Activity
Output the line containing "Performers holding fire" and each line after it through the end of the data, exactly as written, with pictures left out.

......

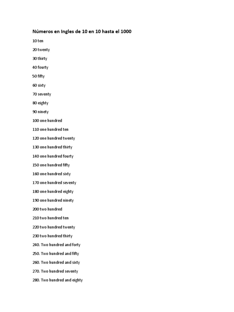 Números En Inglés 1 Al 1000 : Numeros En Ingles Del 0 Al 1000 Numeros En Ingles Historia De La Quimica Ingles / Numeros ingles 1 al 1000.. Si en cambio digo a hundred. La clave para aprender los números en inglés pasa por memorizar estos diez primeros números, ya que del veinte en adelante son simples combinaciones de éstos. Los cientos, miles y millones. Date cuenta que en español a diferencia con inglés nosotros no dividimos los años, en otras palabras se dice el año en forma completa. Si quieres ver algún número más grande en inglés, a continuación hemos preparado una tabla en pdf que podéis descargar con todos los números en inglés del 1 al 1000 del 1 al 999.
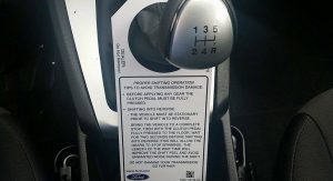 The instruction tag states the ‘Proper Shifting Operation’ and tips on how to avoid transmission damage. These include simple things like fully depressing the clutch pedal before changing gears, only shifting into reverse when the car is stationary, and only changing into reverse after waiting two seconds with the clutch depressed to allow the gears to stop spinning.
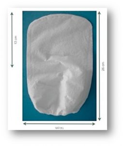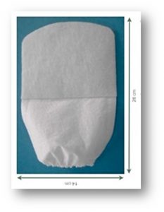 Manopla para lavado, de tela no tejida, resistente hasta 40º C de temperatura; hipoalergénica, suave, no irritante a la piel; forma y ajuste anatómico e impregnada de substancias tensioactivas y antisépticas. y Manopla para secado, de tela no tejida, absorbente, hipoalergénica, suave, no irritante a la piel; forma y ajuste anatómico.
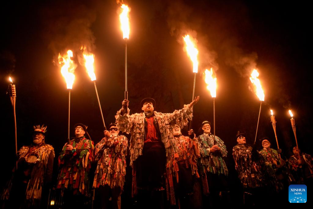 Performers holding fire torches sing during the Winter Solstice Lantern Festival in Vancouver, British Columbia, Canada, Dec. 21, 2025. Singing performances, lantern parades and dance activities were held here on Sunday to celebrate the Winter Solstice, which fell on Dec. 21 this year. (Photo by Liang Sen/Xinhua)
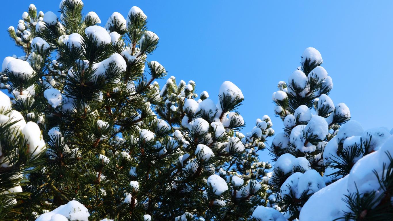 Wallpaper Snow lies on pine branches under the blue sky
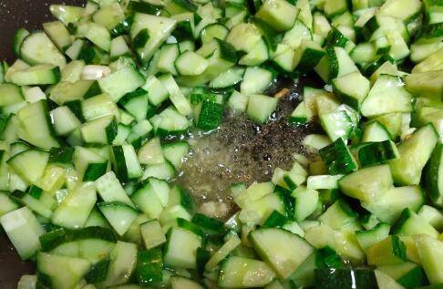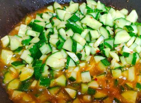 黄瓜切丁,牛肉逆着纹路切丁用玉米淀粉、生姜腌制。取小碗,放入水、豆瓣酱、生抽拌均匀备用。
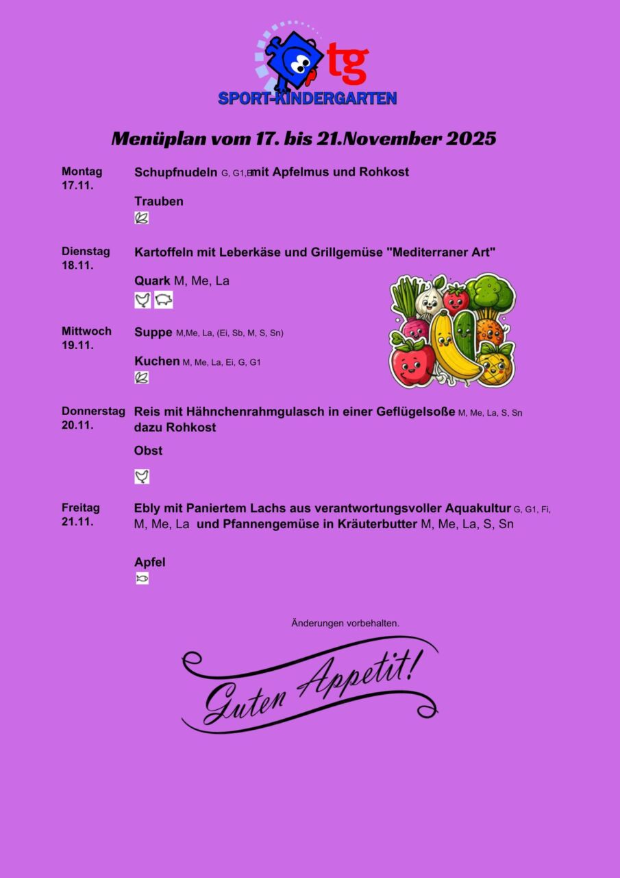 Sportkita – unsere Speisepläne für die KW 48. und 49.

......

Written answer
 Performers holding fire torches sing during the Winter Solstice Lantern Festival in Vancouver, British Columbia, Canada, Dec. 21, 2025. Singing performances, lantern parades and dance activities were held here on Sunday to celebrate the Winter Solstice, which fell on Dec. 21 this year. (Photo by Liang Sen/Xinhua)
 Wallpaper Snow lies on pine branches under the blue sky
 黄瓜切丁,牛肉逆着纹路切丁用玉米淀粉、生姜腌制。取小碗,放入水、豆瓣酱、生抽拌均匀备用。
 Sportkita – unsere Speisepläne für die KW 48. und 49.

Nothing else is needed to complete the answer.